The cables report conversations with kings, presidents and foreign ministers ranging from discussions on complicated international issues, complaints about U.S. policy and negotiations on aid and arms sales, to depictions of leaders encouraging attacks on one another’s countries and calling one another liars. U.S. diplomats, in remarks clearly never intended to see the light of day, assess the credibility and personalities of close allies.

Yemeni President Ali Abdullah Saleh, who has told his own country that attacks against terrorist targets there were conducted by Yemen’s air force, discussed what were actually U.S. airstrikes at length with Gen. David Petraeus, then head of the U.S. Central Command, according to a memo recounting their January meeting.

Saleh “praised” the strikes that took place in December, the cable said, but complained that the Americans had killed too many civilians, an assessment with which Petraeus took issue. Saleh “did not have any objection, however, to General Petraeus’s proposal to move away from the use of cruise missiles and instead have U.S. fixed-wing bombers circle outside Yemeni territory, ‘out of sight,’” the cable said.

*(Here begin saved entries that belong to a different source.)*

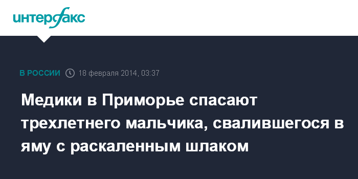 Москва. 18 февраля. INTERFAX.RU - В Спасском районе Приморья серьезно пострадал трехлетний мальчик, который упал в яму с раскаленным шлаком, вырытую в 20 метрах от игровой площадки, сообщает во вторник УМВД по Приморью.
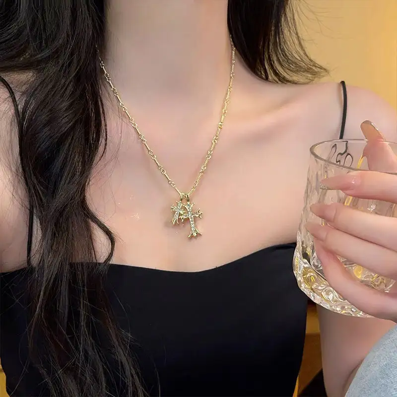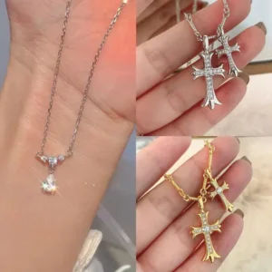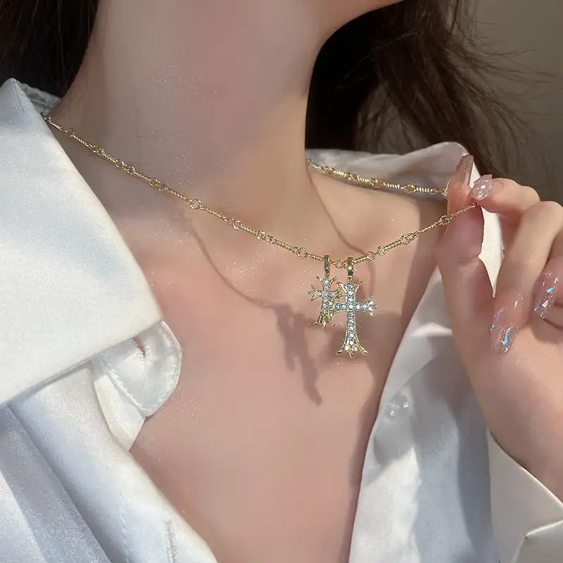 Lymphatic Magnetic Therapy Cross Design Diamond Necklace
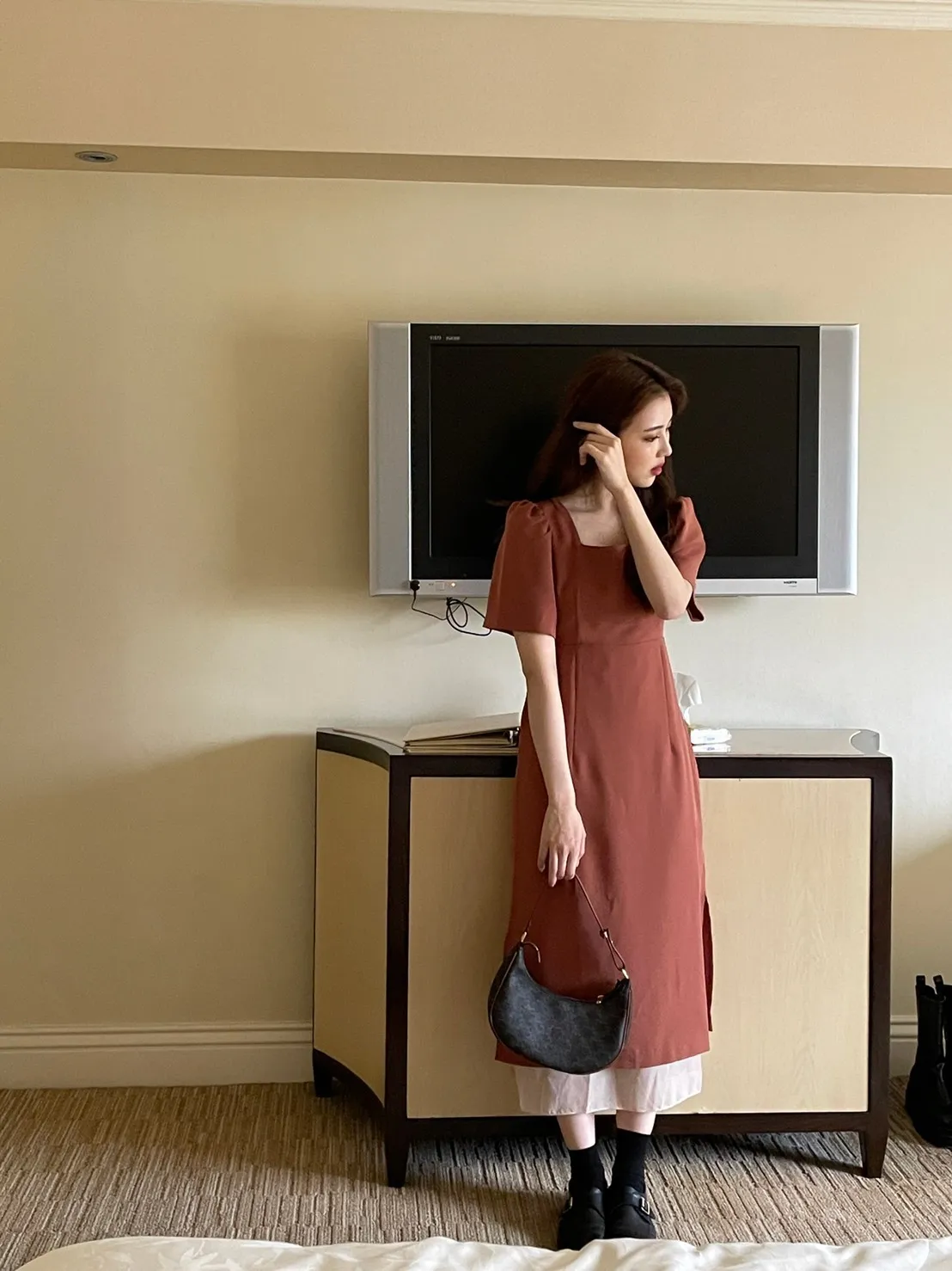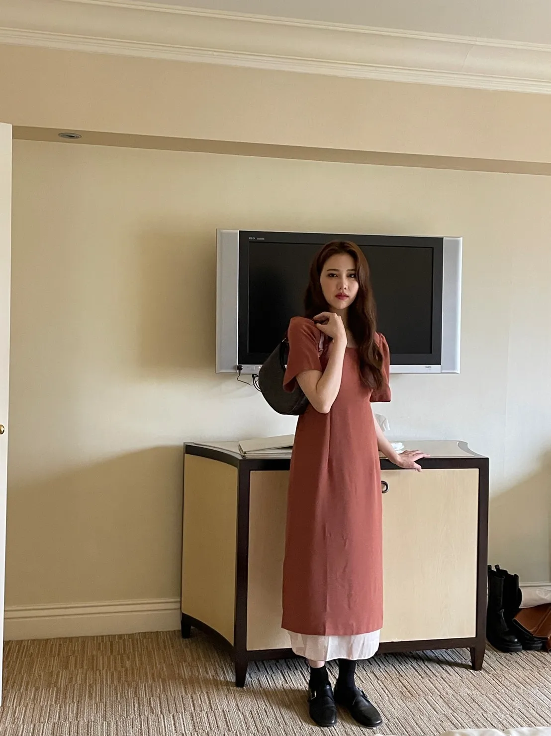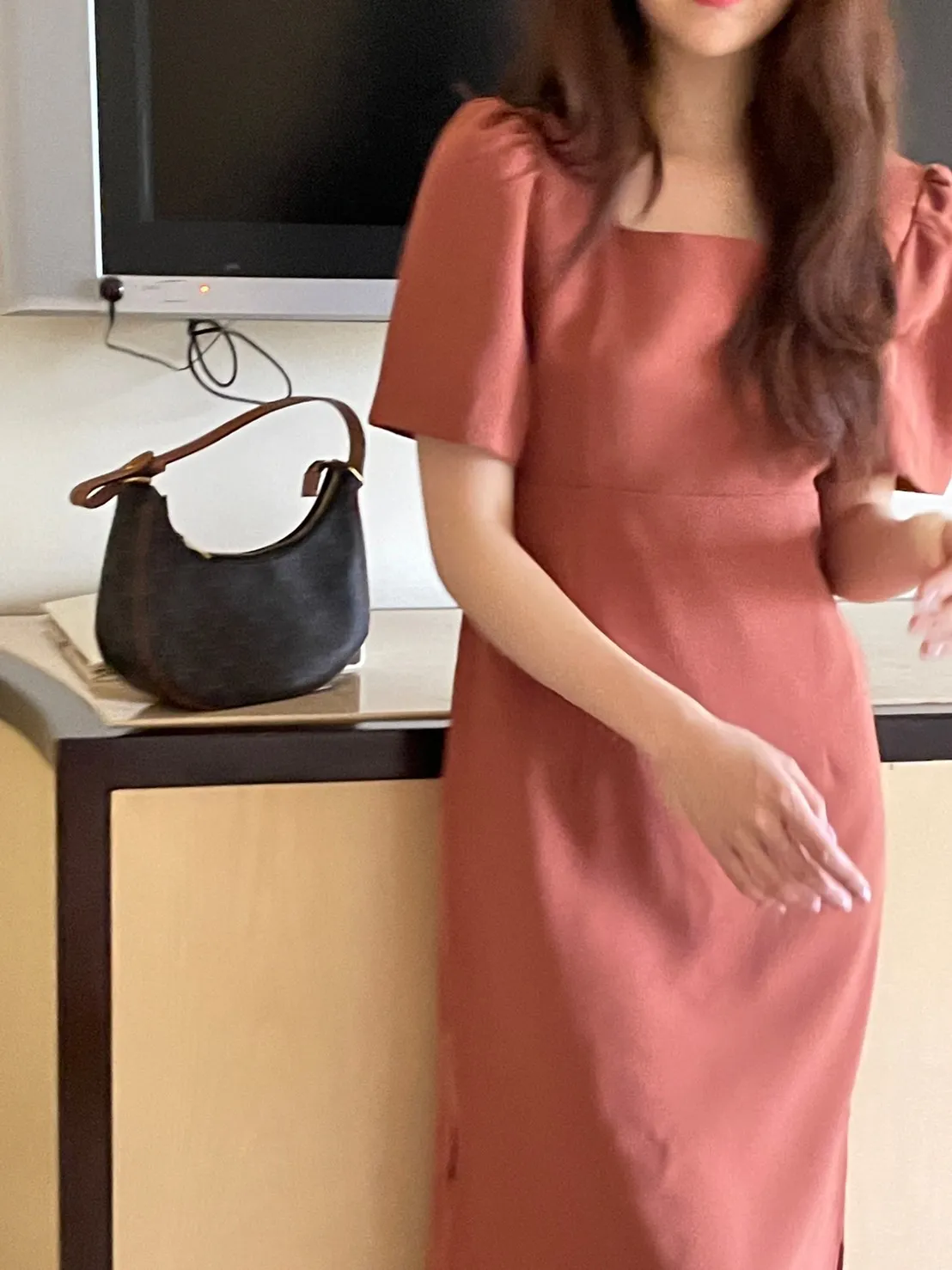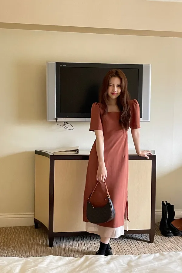 現貨!- LAB.B - 布拉格女孩的拼接設計修身洋裝-蜜糖橘
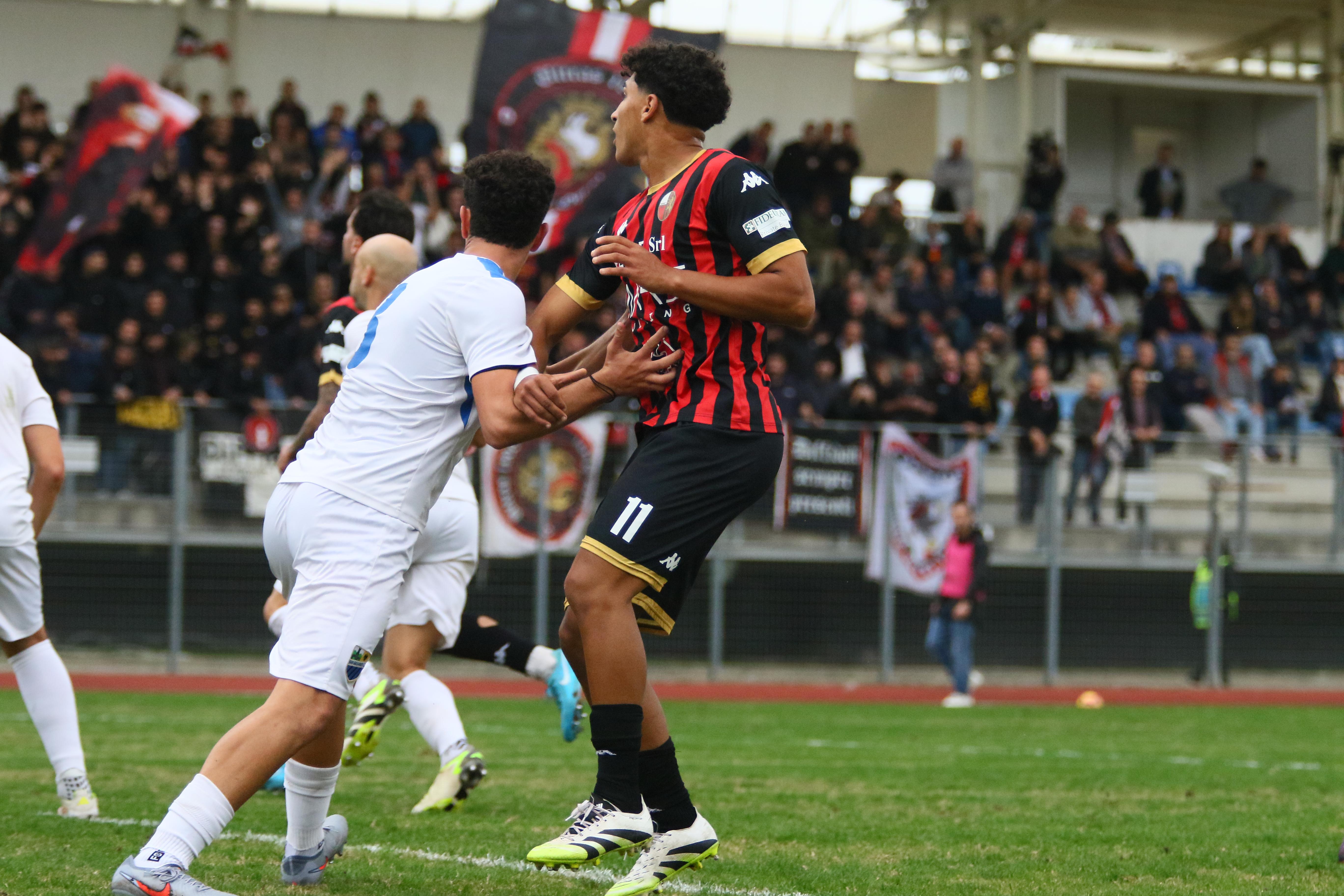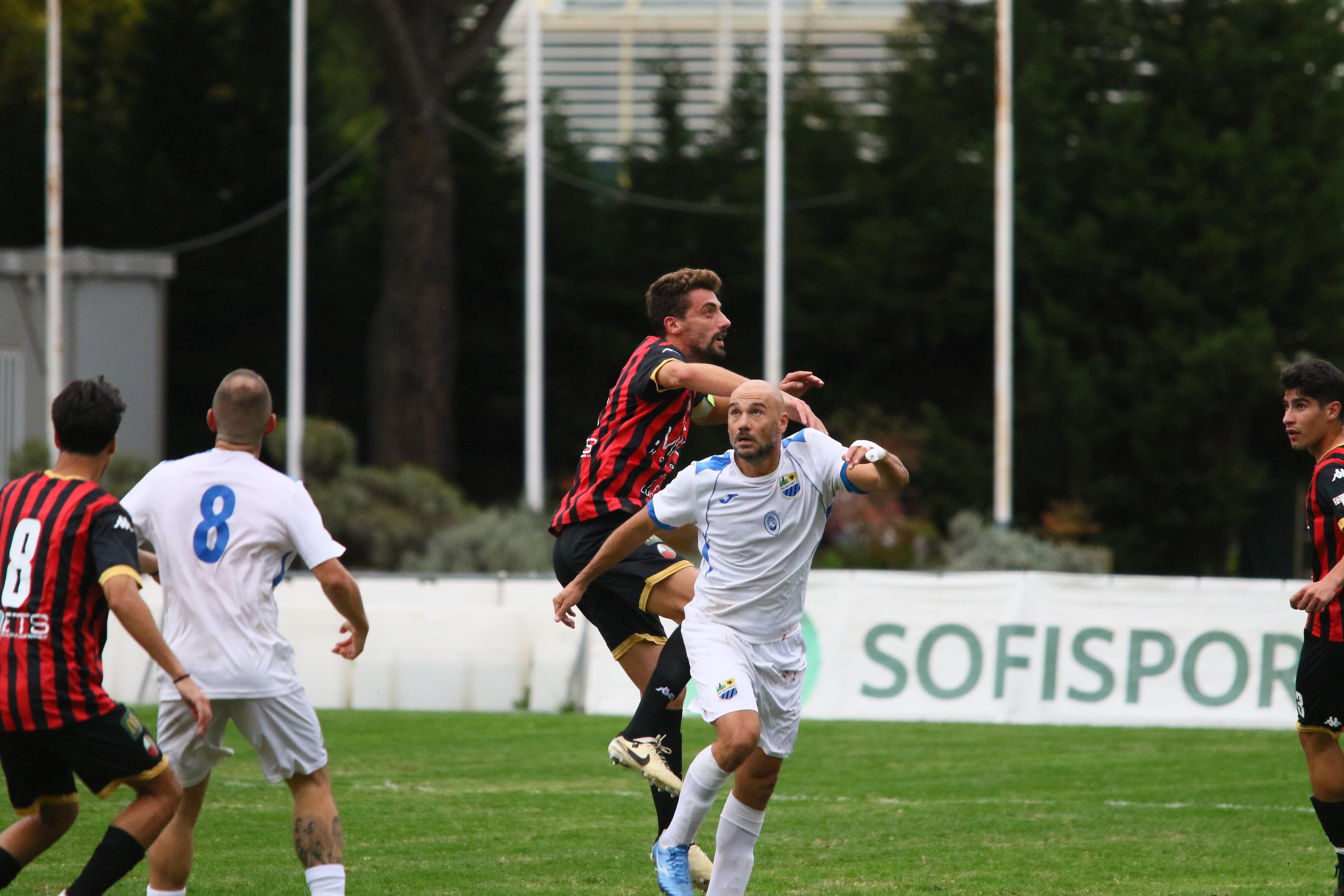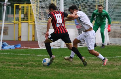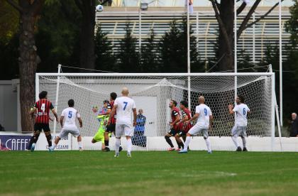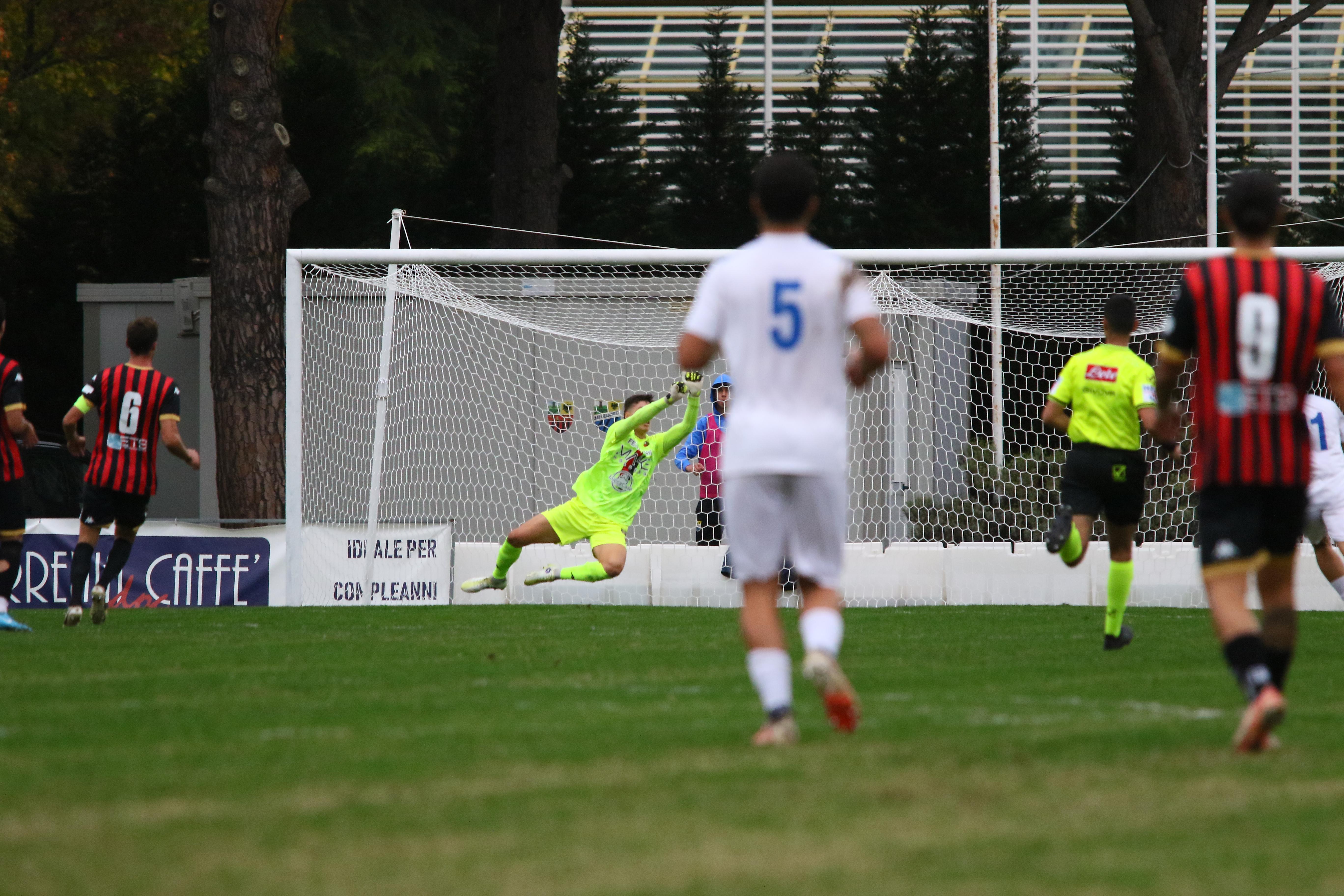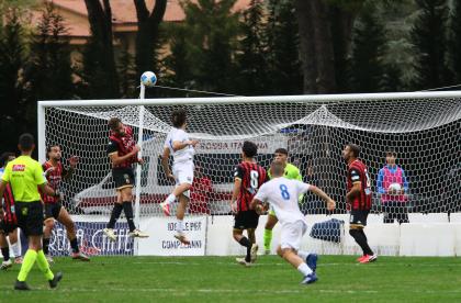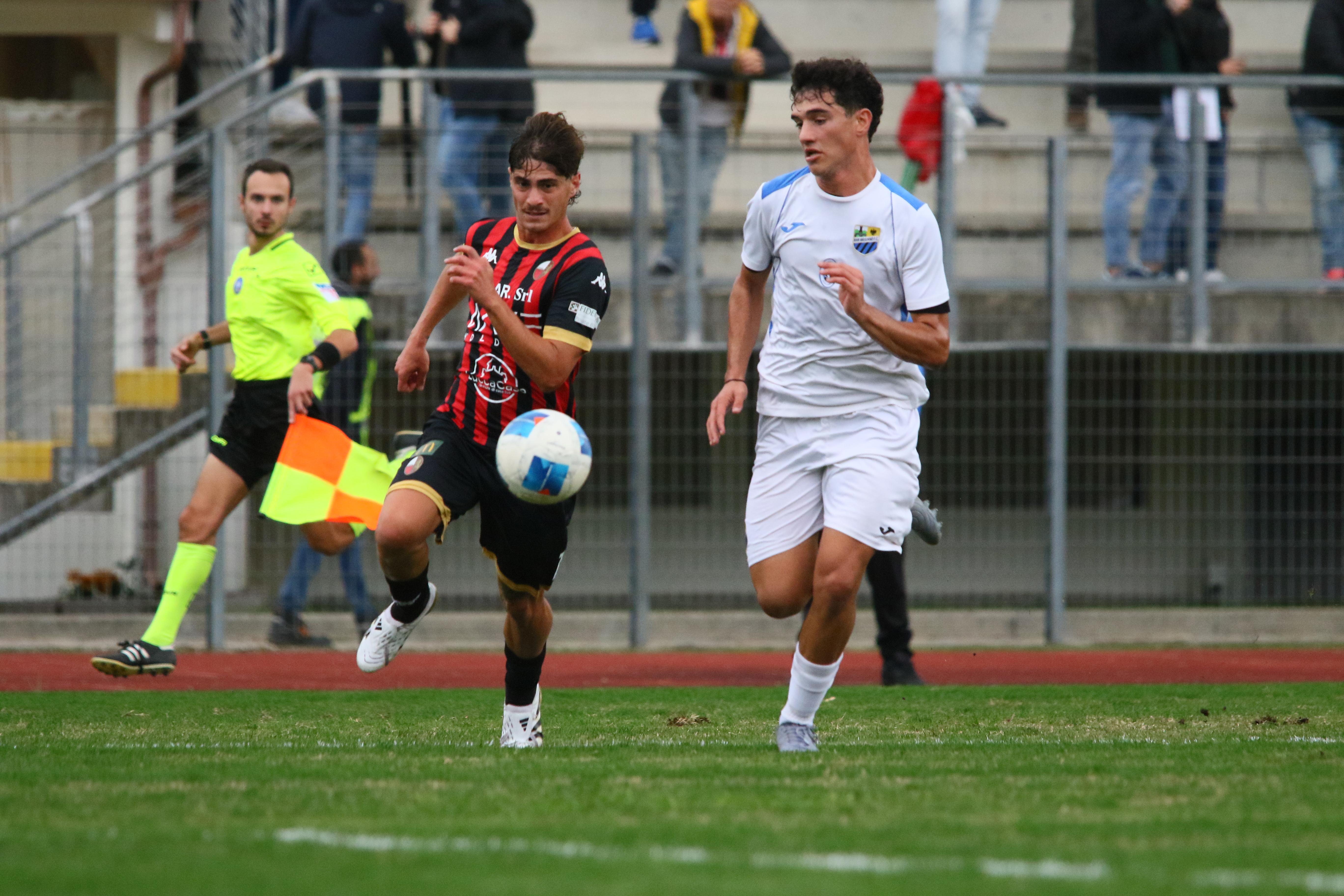 Mister Pirozzi rilancia dal primo Venanzi in difesa, mentre in attacco spazio a Piazze, Riad e Caggianese. L'avvio è senza grandi sussulti, la sensazione è che mister Cordoni abbia imbrigliato bene i rossoneri con i padroni di casa ben raccolti, molto fisici e pronti a scattare di rimessa.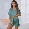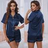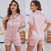 Большие размеры, женская летняя пижама, однотонная домашняя одежда с окантовкой, комплект из 2 предметов, шорты с коротким рукавом, повседневная домашняя одежда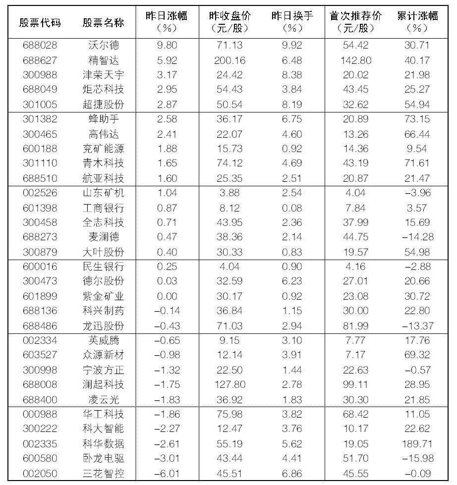 大眾30指數成份股中,10日漲幅前五位的分別是沃爾德、精智達、津榮天宇、炬芯科技、超捷股份,漲幅分別為9.80%、5.92%、3.17%、2.95%、2.87%;跌幅榜上,三花智控、臥龍電驅、科華數據、科大智能等跌幅居前。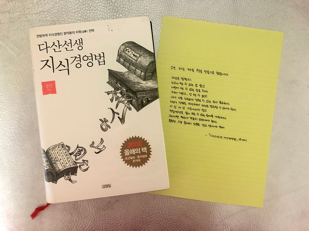 다산은 말한다. 누구나 할 수 있는 일 말고 나만이 할 수 있는 일을 하라. 해서 기쁘고, 안 할 수 없고, 내가 다른 누구보다 잘할 수 있는 일에 몰두하라. 자신의 장점을 파악해서 개성을 발휘할 수 있어야 한다. 이 일 저 일 기웃거리지 말고, 핵심역량을 쏟아 부을 수 있는 분야를 개척하라. 그러자면 평소에 꾸준히 공부해야 한다. 훌륭한 스승 밑에서 안목을 갈고 닦아야 한다. _ 「다산선생 지식경영법」중에서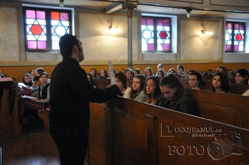 Discuția a fost apoi preluată de Ivan Bloch, președintele Comunității Evreiești din Lugoj, care le-a vorbit copiilor despre ce a însemnat Holocaustul pentru Poporul Evreu. La rândul lor, elevii au prezentat cartea pe care au realizat-o în proiect, tradusă în limba engleză și denumită „Trei povești despre Holocaust”, în care, cu ajutorul ilustrațiilor, autorii prezintă trei întâmplări reale din timpul masacrului din lagărele naziste, trăite de supraviețuitori. Ziua Holocaustului se sărbătorește în fiecare an pe 9 octombrie.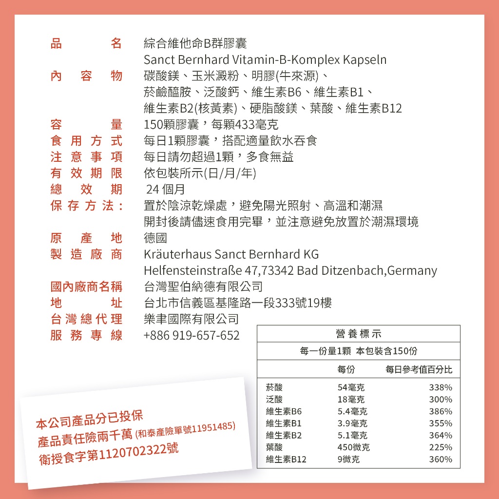 聖伯納德 Sanct Bernhard 綜合維他命B群 (150粒/罐) B群 葉酸-原 德國百年草本

“We’ll continue saying the bombs are ours, not yours,” Saleh said, according to the cable.

Beyond the outrage and headlines already spreading abroad was the knowledge that there were many more revelations to come. In its initial Web postings over the weekend, WikiLeaks released only a small fraction of the more than 250,000 documents it has said it will eventually publish, nearly all of them from the George W. Bush and Obama administrations. The New York Times, one of several news organizations that have received access to the documents, said in Monday’s edition that it planned nine days of coverage.

A senior Arab official said governments in his part of the world were less concerned about what the revelations will mean for their relations with the United States than about their own region.

“Even the Latin Americans are concerned,” said a senior congressional aide. According to WikiLeaks, upcoming releases include thousands of State Department cables concerning countries such as Venezuela and Colombia, which have complicated relations with the United States and with one another.